(Data entries)
————————
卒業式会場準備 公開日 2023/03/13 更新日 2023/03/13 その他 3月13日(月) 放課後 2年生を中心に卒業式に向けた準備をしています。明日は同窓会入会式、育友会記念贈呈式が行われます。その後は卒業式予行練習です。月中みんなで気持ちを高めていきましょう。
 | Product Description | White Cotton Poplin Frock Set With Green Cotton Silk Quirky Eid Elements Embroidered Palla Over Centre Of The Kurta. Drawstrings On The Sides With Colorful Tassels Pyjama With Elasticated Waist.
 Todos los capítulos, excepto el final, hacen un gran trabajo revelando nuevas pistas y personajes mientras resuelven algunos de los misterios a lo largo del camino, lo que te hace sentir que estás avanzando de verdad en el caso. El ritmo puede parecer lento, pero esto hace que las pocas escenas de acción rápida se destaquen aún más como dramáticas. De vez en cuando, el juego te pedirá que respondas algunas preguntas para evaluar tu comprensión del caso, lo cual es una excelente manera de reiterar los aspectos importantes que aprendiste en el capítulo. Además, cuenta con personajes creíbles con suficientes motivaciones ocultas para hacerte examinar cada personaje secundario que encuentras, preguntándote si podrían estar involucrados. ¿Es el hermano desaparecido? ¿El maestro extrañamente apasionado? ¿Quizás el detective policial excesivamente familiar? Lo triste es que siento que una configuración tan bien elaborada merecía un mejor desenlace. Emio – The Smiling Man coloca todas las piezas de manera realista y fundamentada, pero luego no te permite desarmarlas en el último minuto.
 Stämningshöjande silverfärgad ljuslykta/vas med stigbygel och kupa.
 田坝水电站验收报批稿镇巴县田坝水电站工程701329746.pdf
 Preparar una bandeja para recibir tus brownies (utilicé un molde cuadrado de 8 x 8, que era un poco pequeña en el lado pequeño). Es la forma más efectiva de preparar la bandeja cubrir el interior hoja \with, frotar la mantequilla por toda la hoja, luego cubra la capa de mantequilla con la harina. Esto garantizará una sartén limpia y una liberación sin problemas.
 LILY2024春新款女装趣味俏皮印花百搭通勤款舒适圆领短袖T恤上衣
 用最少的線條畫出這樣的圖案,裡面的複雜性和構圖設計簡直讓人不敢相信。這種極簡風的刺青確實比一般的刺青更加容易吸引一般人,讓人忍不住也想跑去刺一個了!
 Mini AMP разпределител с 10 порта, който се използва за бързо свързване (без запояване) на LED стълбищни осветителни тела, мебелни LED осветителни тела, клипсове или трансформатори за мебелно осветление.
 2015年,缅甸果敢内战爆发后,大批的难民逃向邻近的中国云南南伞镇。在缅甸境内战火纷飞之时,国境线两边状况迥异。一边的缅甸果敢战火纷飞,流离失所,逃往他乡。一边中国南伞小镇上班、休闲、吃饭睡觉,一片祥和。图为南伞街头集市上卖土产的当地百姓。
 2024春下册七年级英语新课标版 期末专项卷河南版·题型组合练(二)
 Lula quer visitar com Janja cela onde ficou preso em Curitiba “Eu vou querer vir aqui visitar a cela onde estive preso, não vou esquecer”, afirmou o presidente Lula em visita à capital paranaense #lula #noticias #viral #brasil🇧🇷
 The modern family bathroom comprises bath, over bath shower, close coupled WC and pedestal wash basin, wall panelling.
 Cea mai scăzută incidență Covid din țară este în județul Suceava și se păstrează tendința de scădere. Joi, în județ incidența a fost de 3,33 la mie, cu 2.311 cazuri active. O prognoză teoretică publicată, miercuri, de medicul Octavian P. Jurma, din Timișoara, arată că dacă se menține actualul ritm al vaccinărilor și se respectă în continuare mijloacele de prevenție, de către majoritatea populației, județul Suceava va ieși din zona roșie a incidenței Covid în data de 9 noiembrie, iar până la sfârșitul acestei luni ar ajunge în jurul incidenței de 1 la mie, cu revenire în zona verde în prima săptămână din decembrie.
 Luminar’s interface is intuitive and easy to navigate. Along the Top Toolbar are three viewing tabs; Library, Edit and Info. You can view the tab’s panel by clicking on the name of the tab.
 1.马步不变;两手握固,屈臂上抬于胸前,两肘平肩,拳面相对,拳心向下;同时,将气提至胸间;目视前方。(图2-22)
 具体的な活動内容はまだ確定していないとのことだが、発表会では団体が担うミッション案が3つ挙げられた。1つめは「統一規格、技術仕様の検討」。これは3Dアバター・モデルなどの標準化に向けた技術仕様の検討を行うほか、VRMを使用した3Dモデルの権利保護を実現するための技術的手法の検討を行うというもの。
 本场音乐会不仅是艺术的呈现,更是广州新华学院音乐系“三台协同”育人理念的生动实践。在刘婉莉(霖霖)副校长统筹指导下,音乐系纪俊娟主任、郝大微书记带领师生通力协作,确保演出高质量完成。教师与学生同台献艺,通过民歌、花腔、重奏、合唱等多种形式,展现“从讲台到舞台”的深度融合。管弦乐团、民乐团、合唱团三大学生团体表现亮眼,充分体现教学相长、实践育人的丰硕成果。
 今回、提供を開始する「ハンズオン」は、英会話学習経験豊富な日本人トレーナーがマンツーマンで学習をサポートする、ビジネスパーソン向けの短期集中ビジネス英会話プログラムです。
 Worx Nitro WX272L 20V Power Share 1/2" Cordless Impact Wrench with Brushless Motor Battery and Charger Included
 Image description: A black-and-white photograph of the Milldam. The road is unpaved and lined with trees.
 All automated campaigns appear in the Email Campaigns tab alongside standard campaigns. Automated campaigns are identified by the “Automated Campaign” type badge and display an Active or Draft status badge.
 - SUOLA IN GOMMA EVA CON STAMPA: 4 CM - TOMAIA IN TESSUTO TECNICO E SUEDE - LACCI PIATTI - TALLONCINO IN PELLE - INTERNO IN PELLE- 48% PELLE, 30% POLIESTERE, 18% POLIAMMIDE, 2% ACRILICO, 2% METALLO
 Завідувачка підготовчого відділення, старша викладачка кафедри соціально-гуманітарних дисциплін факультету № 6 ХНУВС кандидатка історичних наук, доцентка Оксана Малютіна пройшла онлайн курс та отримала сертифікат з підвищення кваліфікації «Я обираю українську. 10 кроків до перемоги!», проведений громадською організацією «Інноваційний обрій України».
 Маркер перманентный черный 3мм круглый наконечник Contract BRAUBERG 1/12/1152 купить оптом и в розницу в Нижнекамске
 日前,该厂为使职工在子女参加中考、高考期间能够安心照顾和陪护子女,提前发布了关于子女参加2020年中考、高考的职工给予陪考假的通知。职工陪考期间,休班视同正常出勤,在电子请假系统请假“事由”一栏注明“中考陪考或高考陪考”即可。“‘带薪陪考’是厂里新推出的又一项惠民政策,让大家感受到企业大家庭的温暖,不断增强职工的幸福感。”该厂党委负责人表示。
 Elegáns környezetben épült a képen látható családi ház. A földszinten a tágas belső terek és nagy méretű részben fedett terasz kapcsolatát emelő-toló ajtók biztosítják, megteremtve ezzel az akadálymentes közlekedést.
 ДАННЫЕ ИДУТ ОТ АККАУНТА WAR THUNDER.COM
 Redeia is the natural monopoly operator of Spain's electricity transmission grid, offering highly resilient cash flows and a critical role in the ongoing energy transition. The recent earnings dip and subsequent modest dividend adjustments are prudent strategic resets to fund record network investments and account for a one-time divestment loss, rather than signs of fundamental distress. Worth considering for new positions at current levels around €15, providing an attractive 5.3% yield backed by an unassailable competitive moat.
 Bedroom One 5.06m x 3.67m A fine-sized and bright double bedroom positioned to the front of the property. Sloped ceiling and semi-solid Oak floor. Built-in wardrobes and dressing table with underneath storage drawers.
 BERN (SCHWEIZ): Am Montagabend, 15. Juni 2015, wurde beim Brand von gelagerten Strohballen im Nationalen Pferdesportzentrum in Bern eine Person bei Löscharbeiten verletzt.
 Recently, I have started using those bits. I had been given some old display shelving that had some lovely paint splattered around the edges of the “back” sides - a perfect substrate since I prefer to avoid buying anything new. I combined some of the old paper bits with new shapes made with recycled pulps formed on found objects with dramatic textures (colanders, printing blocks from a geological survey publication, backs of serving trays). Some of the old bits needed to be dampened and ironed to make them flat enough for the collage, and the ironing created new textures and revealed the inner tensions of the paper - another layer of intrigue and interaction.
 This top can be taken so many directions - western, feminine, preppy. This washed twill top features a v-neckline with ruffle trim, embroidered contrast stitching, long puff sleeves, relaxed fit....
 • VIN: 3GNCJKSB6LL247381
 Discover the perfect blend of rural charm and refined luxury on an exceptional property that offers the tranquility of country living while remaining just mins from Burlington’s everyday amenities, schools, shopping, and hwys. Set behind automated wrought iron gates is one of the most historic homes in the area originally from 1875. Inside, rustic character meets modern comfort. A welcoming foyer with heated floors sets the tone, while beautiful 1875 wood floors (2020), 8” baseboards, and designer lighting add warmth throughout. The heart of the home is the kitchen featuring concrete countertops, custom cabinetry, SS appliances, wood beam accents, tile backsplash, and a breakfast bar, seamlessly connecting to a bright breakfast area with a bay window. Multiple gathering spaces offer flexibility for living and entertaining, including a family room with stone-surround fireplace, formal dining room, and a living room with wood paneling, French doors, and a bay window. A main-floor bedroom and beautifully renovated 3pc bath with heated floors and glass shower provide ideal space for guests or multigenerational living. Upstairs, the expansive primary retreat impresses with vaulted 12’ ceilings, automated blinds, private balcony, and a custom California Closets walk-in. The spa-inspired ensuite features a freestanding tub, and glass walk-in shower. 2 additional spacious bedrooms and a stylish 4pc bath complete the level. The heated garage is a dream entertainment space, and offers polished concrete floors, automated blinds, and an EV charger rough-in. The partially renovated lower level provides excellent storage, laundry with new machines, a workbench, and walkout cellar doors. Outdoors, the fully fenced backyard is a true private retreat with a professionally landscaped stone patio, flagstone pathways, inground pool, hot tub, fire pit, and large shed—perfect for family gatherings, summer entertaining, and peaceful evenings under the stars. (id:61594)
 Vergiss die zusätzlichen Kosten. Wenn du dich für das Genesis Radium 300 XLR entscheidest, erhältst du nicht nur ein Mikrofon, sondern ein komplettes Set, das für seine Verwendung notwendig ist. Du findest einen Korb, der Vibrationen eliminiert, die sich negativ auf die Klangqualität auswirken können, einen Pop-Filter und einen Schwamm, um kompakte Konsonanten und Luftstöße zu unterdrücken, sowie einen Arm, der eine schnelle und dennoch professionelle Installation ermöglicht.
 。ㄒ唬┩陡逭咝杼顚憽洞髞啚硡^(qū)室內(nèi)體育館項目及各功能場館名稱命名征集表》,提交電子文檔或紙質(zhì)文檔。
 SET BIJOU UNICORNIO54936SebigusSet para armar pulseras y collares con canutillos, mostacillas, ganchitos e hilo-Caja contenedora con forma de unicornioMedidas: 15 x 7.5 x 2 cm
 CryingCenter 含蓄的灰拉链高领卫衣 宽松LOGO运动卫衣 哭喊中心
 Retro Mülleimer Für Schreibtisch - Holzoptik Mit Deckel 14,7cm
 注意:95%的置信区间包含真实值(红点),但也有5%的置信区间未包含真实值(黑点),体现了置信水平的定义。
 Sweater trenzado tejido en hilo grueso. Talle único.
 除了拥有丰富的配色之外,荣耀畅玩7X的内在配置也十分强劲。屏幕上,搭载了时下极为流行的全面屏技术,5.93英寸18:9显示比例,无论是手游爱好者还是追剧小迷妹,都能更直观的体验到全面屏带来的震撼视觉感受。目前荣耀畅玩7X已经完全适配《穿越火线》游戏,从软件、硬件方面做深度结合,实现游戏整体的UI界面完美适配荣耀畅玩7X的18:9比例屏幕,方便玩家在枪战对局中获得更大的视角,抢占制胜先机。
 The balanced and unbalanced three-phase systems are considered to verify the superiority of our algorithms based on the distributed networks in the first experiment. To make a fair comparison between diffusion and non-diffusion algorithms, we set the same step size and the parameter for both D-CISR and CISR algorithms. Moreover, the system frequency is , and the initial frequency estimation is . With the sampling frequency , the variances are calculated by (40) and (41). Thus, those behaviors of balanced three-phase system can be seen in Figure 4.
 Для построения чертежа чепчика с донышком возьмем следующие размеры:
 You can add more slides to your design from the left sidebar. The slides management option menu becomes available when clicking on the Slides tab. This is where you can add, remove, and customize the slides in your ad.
————————
▶ **WHAT THE EXERCISE ASKS**:
In the records above, find every line that contains the word "This" and copy it.

▶ **SOLUTION BELOW**:
 This top can be taken so many directions - western, feminine, preppy. This washed twill top features a v-neckline with ruffle trim, embroidered contrast stitching, long puff sleeves, relaxed fit....
 You can add more slides to your design from the left sidebar. The slides management option menu becomes available when clicking on the Slides tab. This is where you can add, remove, and customize the slides in your ad.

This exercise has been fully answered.